E’ quanto emerge dall’audit di oltre 100 pagine realizzata dalla Corte dei Conti Ue e pubblicata la scorsa estate.
La magistratura contabile del Vecchio continente sottolinea come la Ue, dal 2000, abbia investito 23,7 miliardi di euro in infrastrutture ferroviarie ad alta velocità , ma nonostante lo sforzo finanziario “non esiste un piano realistico dell’Ue a lungo termine, bensì un sistema disomogeneo e inefficace di linee nazionali mal collegate fra loro, in quanto la Commissione europea non dispone di strumenti giuridici nè di poteri per obbligare gli Stati membri a costruire le linee convenute”.
In sostanza siamo di fronte a un sistema “creato senza un coordinamento adeguato a livello transfrontaliero” e di conseguenza “le linee ad alta velocità che attraversano le frontiere nazionali non rientrano tra le priorità nazionali in termini di costruzione, sebbene siano stati firmati accordi internazionali”.

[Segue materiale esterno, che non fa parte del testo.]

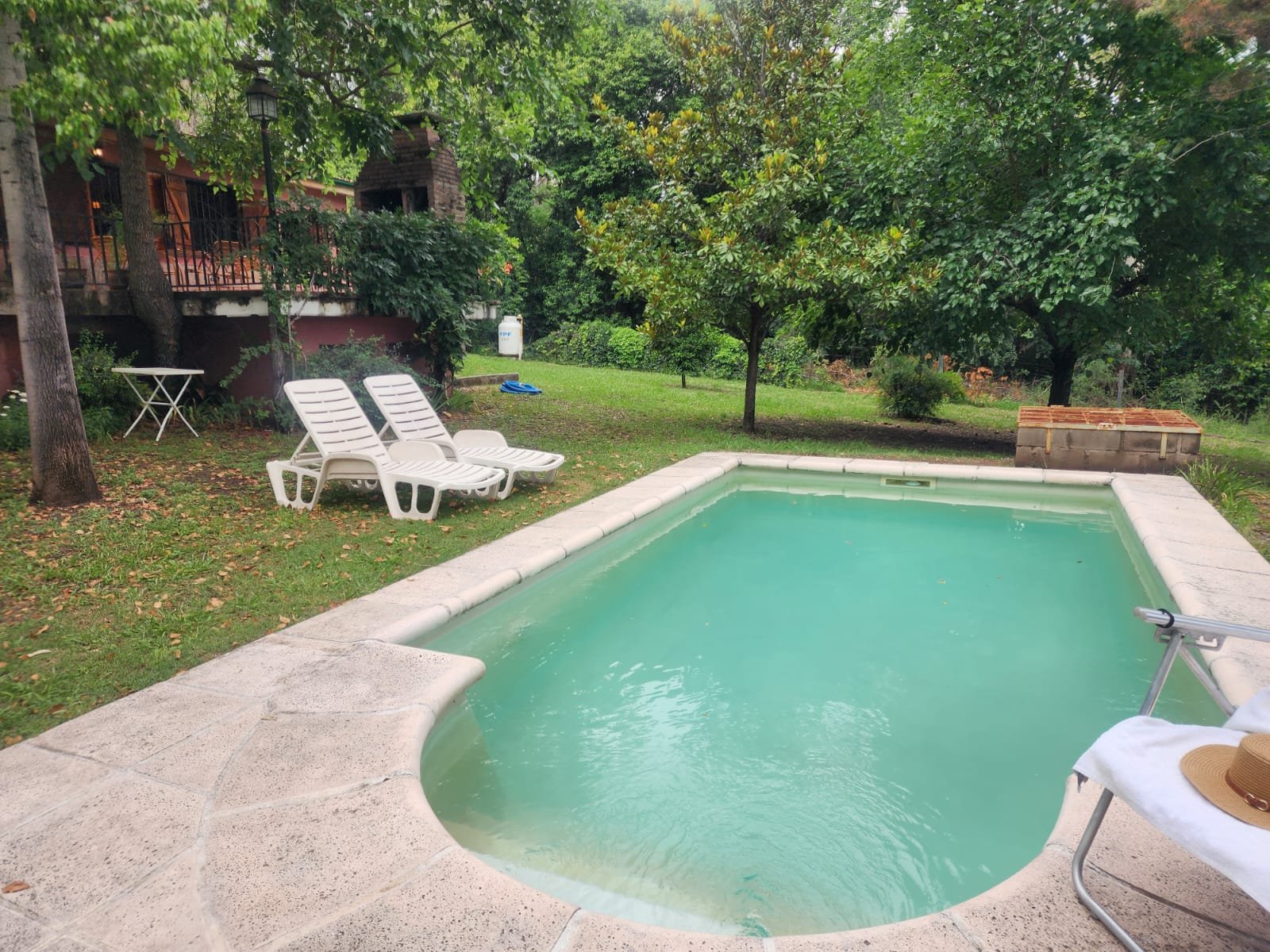 La pileta está construida con fibra de vidrio, mide 6 metros de largo x 3 metros de ancho, todo el equipo de filtrado completo y losetas térmicas a su alrededor.

Problemi che spiegano ritardi e indecisioni sulla tratta Torino-Lione, ma anche sulla Verona-Monaco di Baviera per la quale sono i tedeschi a non voler investire. In sostanza, gli Stati hanno definito un programma con la Commissione che poi non hanno rispettato, consapevoli che non ci sarebbero state ripercussioni di alcun tipo. Anche per questo la Corte rileva “dubbi circa l’efficienza in termini di costi: non sempre, infatti, le linee ad altissima velocità sono necessarie, dato che il costo per ogni minuto di tempo risparmiato è molto elevato, tanto da raggiungere anche i 369 milioni di euro e dato che le velocità medie raggiungono solo il 45 % della capacità massima, mentre gli sforamenti di costo e i ritardi di costruzione costituiscono la regola anzichè l’eccezione.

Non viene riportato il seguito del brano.